Rosyjskie instrukcje ws. referendum w Doniecku. "Jeśli Rosja nie wkroczy, wszystko pójdzie w..."
- Nasz je…. prezydent! Na co on czeka? Chu… go wie. (...) Jeśli Rosja nie wkroczy, wszystko pójdzie w pi…du. Odwołuję referendum! - Nie możecie. Napiszcie cokolwiek - 99 proc., 89 proc… - tak wyglądała rozmowa lidera donieckiej niezarejestrowanej organizacji Prawosławny Donbas Dmitrija Bojcowa z szefem ruchu Russkoje Narodnoje Jedinstwo w Moskwie Aleksandrem Barkaszowem.
07.05.2014 | aktual.: 07.05.2014 20:29
Nagranie ujawniła Służba Bezpieczeństwa Ukrainy. Według SBU, rozmowa jest dowodem aktywnej roli strony rosyjskiej w sprawie referendum w Doniecku na wschodzie Ukrainy, które władze w Kijowie oraz wspólnota międzynarodowa uznały za nielegalne.

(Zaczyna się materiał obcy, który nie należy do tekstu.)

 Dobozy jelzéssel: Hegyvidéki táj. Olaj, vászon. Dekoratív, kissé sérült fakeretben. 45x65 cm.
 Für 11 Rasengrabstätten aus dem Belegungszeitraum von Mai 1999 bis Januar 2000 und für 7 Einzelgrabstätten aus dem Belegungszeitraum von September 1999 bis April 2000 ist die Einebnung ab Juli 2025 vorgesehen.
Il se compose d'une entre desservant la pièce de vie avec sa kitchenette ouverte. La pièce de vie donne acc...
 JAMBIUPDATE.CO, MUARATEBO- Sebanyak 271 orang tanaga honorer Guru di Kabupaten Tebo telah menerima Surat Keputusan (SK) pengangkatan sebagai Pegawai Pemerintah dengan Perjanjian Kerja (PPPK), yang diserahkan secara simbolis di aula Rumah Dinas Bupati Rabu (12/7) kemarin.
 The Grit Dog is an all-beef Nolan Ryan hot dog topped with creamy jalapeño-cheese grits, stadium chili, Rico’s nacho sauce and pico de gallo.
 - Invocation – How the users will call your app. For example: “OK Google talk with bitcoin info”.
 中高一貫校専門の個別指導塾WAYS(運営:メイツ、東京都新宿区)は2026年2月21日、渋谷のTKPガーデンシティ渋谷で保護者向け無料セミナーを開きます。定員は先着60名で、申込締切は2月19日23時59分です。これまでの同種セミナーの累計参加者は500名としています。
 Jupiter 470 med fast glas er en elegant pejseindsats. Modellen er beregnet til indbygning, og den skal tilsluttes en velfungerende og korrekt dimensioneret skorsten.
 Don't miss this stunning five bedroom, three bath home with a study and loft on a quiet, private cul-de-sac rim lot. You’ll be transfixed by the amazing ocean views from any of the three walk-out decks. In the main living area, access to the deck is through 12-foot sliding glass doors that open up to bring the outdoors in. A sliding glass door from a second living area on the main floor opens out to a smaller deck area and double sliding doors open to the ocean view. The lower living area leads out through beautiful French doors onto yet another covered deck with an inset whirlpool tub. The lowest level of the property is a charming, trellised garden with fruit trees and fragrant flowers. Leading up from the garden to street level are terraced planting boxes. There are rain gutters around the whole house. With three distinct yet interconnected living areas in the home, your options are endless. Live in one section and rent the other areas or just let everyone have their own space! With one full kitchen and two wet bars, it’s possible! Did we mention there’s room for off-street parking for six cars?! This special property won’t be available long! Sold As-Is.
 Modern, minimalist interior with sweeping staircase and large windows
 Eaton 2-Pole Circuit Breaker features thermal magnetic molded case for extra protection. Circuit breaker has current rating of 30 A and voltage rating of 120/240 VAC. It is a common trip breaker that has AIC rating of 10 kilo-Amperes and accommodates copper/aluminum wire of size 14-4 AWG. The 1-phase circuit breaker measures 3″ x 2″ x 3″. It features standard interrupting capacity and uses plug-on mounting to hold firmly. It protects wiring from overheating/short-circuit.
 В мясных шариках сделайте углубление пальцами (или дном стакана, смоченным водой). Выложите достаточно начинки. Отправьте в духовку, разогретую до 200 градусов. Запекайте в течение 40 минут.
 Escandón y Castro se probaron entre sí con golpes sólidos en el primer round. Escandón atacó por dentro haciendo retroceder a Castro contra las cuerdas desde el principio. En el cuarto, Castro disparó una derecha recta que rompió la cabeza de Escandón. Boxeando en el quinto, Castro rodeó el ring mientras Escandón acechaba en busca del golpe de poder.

Według pierwotnych planów, plebiscyt miał się odbyć w niedzielę 11 maja, jednak dziś o jego przełożenie zaapelował Władimir Putin (czytaj więcej). Prorosyjscy separatyści chcą, by mieszkańcy obwodu donieckiego poparli niepodległość utworzonej przez nich tzw. Donieckiej Republiki Ludowej.